Everyone called them Patchwork and Gunhawk, or Patch and Gun for short. They’d had the nicknames since before the first grade. Patchwork had carried a patc
hwork quilt around with him everywhere he went when he was little. And Gunhawk had been obsessed with the story of a legendary ancestor who had fought in World War II. The black and white photo still had a prominent place on their fireplace mantle.
Patchwork shook his head, his frown still in place. “She’s got to be in the house somewhere.”
“No, she isn’t. I already looked everywhere. And her car’s not in the driveway. Or the garage.”
“Did you try calling her?”
“Yeah. She didn’t answer.”
“I mean on the phone.”
“The phone’s not working. Patch? Something’s not right.”
Patchwork’s frown deepened. He was beyond annoyed now because now the lights were flickering. That would be just his luck. To have the power go out.
“Maybe we better check the news,” Gun said to his cousin.
There were two TV’s in the room, but there was a game system hooked up to each one of them.
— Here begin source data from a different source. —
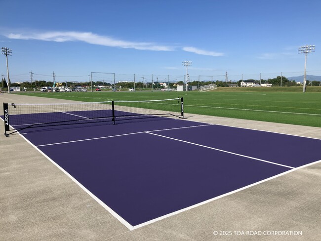 東亜道路工業株式会社COSMOS(熊本県フットボールセンター)俯瞰写真 ■この度、東亜道路工業は熊本県上益城郡嘉島町にある熊本県フットボールセンター(愛称:COSMOS)施設内に、ピックルボール専用コート2面を施工しました。 ■ピックルボ...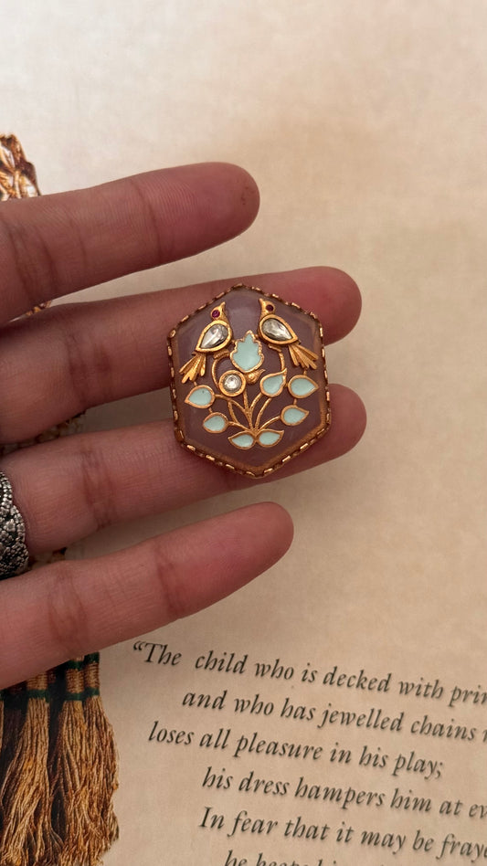 Amrapali inspired Real stones peacock inlay adjustable ring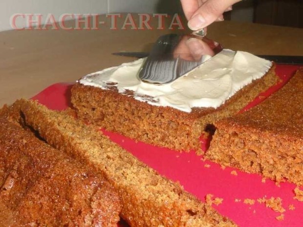 El bizcocho es de sabor caramelo, decorado con nata montada con sabor a caramelo, he sacado la receta del libro «Clandestine Cake Club», que fue un regalo de cumpleaños que me hizo mi suegro, que bien me conoce!! 🙄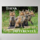 Four red fox kits are pictured with three gazing off at something and the fourth staring straight at the viewer.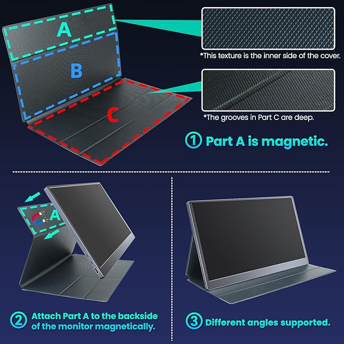 - VESA Mountable and Magnetic Cover Case: This 15.6 inch portable screen for laptop with four VESA holes on the back, so it can be easily and stably mounted on a stand for landscape and vertical mode. The VESA mount size is 75*75mm on the back of monitor, and we recommend to use M4*6mm screws for vesa mount. The high-quality PU leather magnetic cover case provides adequate protection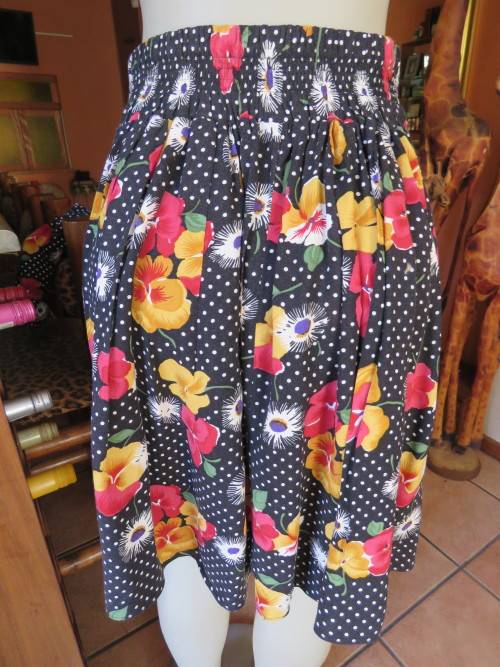 Edgy 100% viscose 2 piece outfit from the 80's from 'TRUWORTHS' in 36/12.Knee length skirt and short top.Pointed front yoke with knife pleats.Back gathered with wide elasticated waistband.Short sleeve button down top with pointed fronts.Good condition.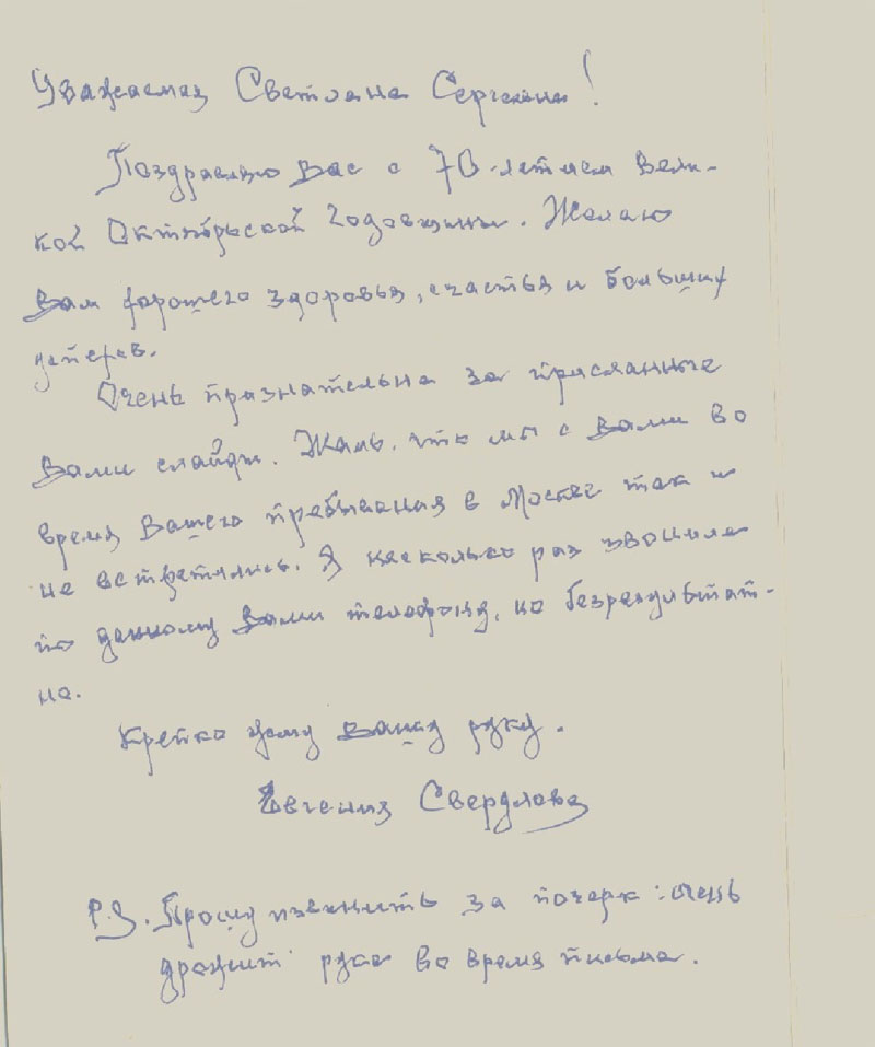 Автограф Евгении Яковлевны Свердловой

They were arguing over who should turn their game off when something crashed outside.
“Patch, either I’m really messed up right now, or our front yard has turned into a video game.”
Patchwork turned his face to look outside. What he was seeing did look like something from a video game. It was like something straight out of Zombie Takeover.
“What the heck is going on?” Gun asked, alarmed now.
Patchwork wasn’t sure himself. Out of habit, he even pointed the controller at the big picture window next to the TV and pressed the buttons. It looked so real.
“There’s another one,” Gun cried out, pointing. “What are those things? Maybe it’s Seth and Bill dressing up and trying to scare us.”
The lights flickered a few more times. And then they went out completely. Seth and Bill couldn’t have had anything to do with that. The games, of course, shut down. But the zombies outside the window were still there. And Patch and Gun could see that they weren’t just kids playing a prank. They were grown men.